Re: [RFC] Programming model for io_uring + eBPF

From: Christian Dietrich <stettberger@dokucode.de>
To: Pavel Begunkov <asml.silence@gmail.com>,
	io-uring <io-uring@vger.kernel.org>
Cc: Horst Schirmeier <horst.schirmeier@tu-dortmund.de>,
	"Franz-B. Tuneke" <franz-bernhard.tuneke@tu-dortmund.de>
Subject: Re: [RFC] Programming model for io_uring + eBPF
Date: Thu, 20 May 2021 17:01:06 +0200	[thread overview]
Message-ID: <s7bsg2hwitp.fsf@dokucode.de> (raw)
In-Reply-To: <0468c1d5-9d0a-f8c0-618c-4a40b4677099@gmail.com>

Pavel Begunkov <asml.silence@gmail.com> [20. May 2021]:

> atomics/spinlocks scale purely, can be used we would surely prefer to
> avoid them in hot paths if possible.

I understand that. Do you consider SQE-Linking part of the hot path or
is it OK if linking SQE results overhead?

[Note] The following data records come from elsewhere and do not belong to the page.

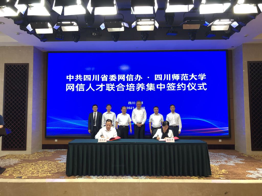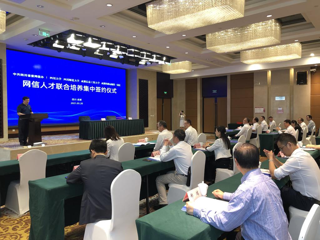 5月20日上午,省委网信办在成都举行集中签约仪式,分别与四川大学、四川师范大学、成都信息工程大学等三所高校签订合作框架协议,省网络治理研究中心、成都铁路运输第一法院(成都互联网法庭)与四川师范大学法学院签订三方合作协议,共同推动网信领域人才培养、学科建设、师资积累、创新研究、学术交流、产教融合等方面的合作。
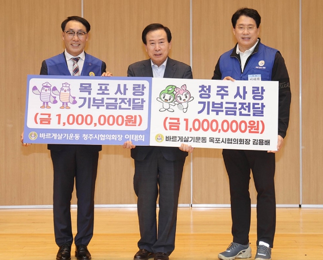 김용배 목포시협의회장은 “이번 상호기부를 통해 2008년부터 자매도시로 이어진 청주와 목포의 협력이 강화되길 바라며, 지역 균형발전을 위해 함께 힘쓰겠다”고 말했다.
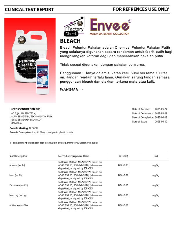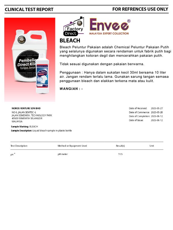 ENVEE MyBleach Clothes Bleach is a Chemical White Clothes Bleach that is often used as a soak for white fabrics to remove stubborn stains and brighten white clothes.
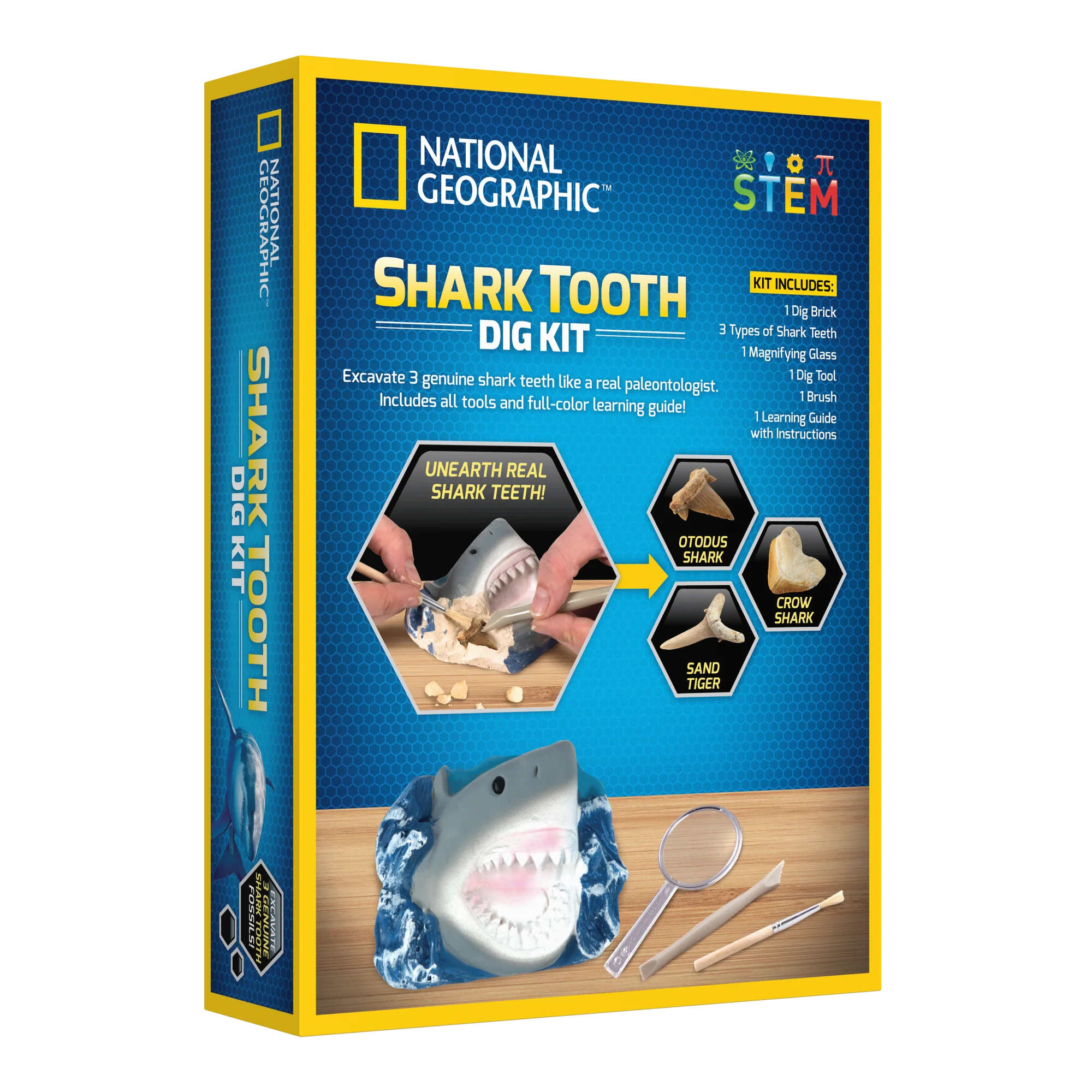 National Geographic’s Shark Tooth Dig Kit lets children dig up and explore fossils from three different species of shark. With a full-colour learning guide full of amazing shark facts and pictures, kids will have a blast while they identify the teeth of the Sand Tiger, Otodus, and Crow Sharks, and learn all about what makes sharks the ocean’s most feared predators. This dig kit makes a great gift for any child ages 6-15 years with an interest in sharks, fossils, or science. With 3 amazing fossils to uncover, children can start an impressive fossil collection that they can show their friends. A favourite among both boys and girls!
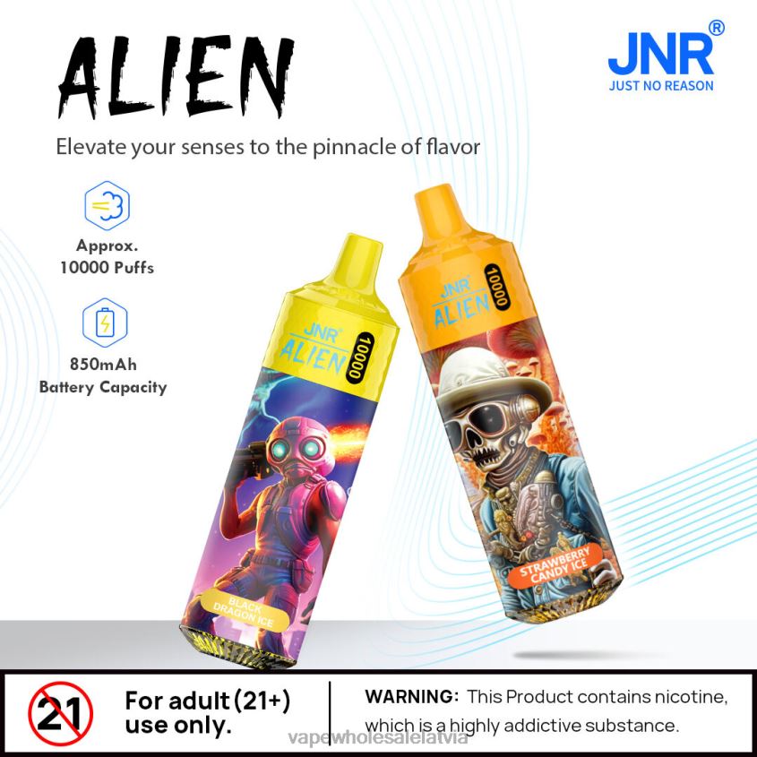 Alien nodrošina vienmērīgu vilkmi un aromātiskus tvaikus ar 1,2 spoli, kas lepojas ar iespaidīgu jaudu, aptuveni 10 000 dvesmu, ko darbina 850 mah akumulators. Iepriekš iepildīts ar 20 ml e-šķidruma, tas nodrošina daudzveidīgu vairāk nekā 30 garšu klāstu, sākot no atsvaidzinoša ledus līdz apburošiem augļiem. C tipa uzlādes pieslēgvietas ērtības nodrošina ātru un netraucētu uzlādi.
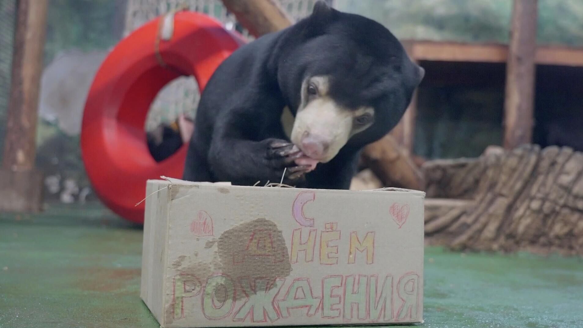 В Московском зоопарке медведице Маше подарили торт на день рождения
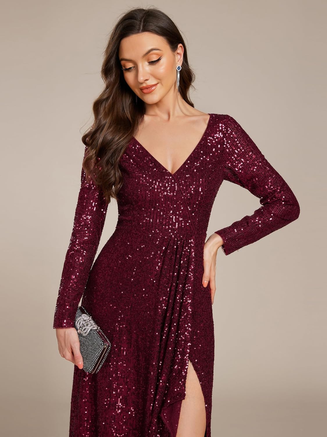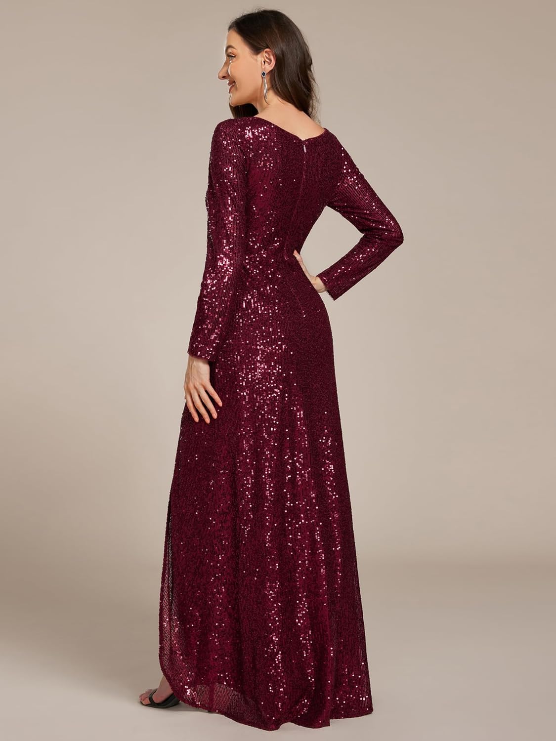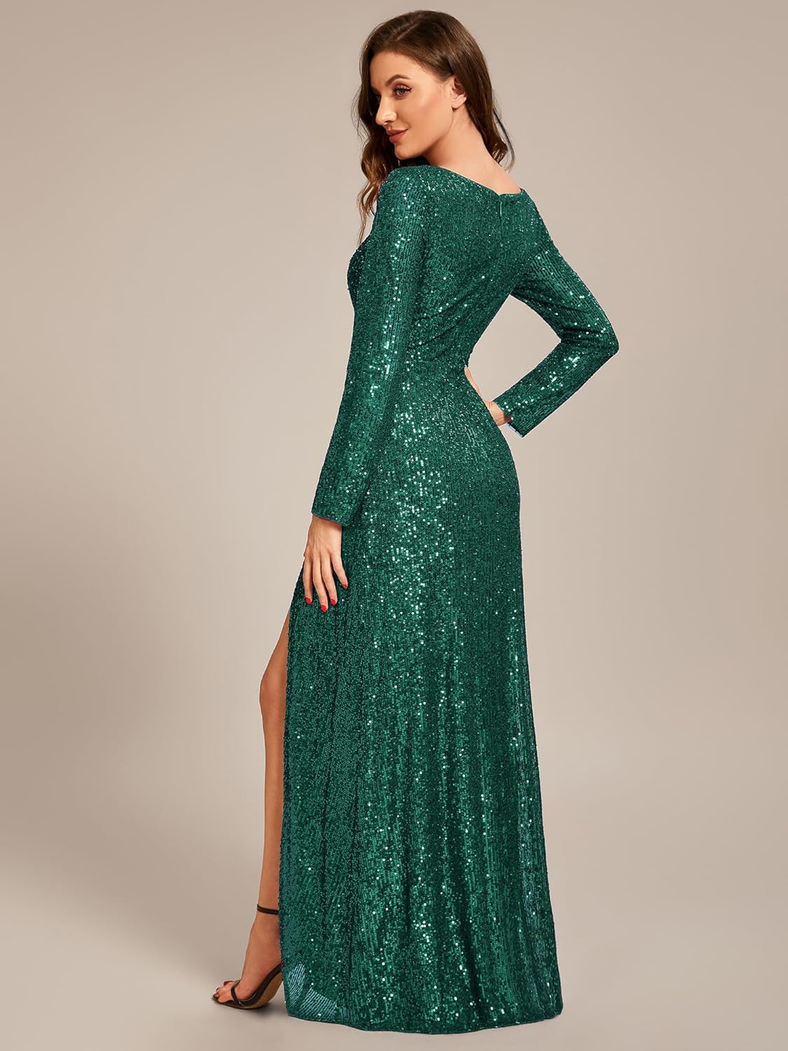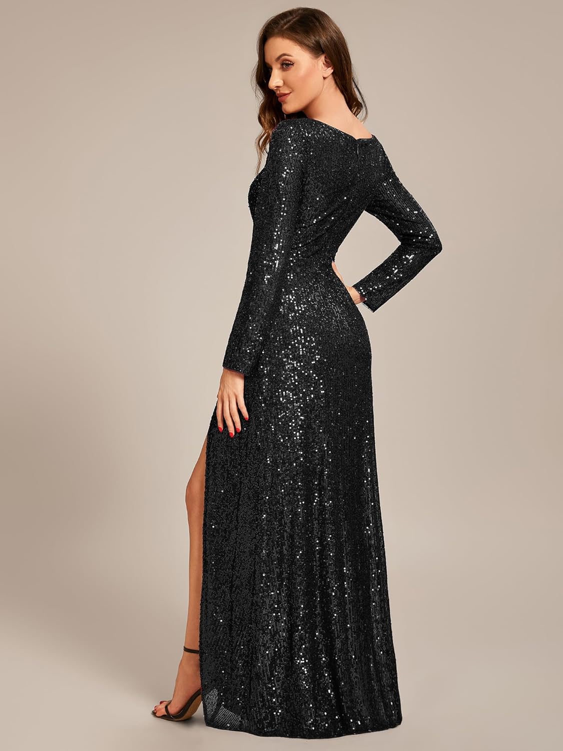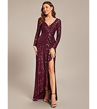 Features: Floor Length, long sleeve, low stretch,concealed zipper up the back, glamorous formal dress, semi formal dress, evening dress, prom dresses, wedding guest dress.

> E.g., if userspace is single threaded or already finely sync
> submission/completion, the exactly same algorithm can be implemented
> without any extra synchronisation there.

The problem that I see is that eBPF in io_uring breaks this fine
synchronization as eBPF SQE submission and userspace SQE submission can
run in parallel.

But going back to my original wish: I wanted to ensure that I can
serialize eBPF-SQEs such that I'm sure that they do not run in parallel.
My idea was to use synchronization groups as a generalization of
SQE linking in order to make it also useful for others (not only for eBPF).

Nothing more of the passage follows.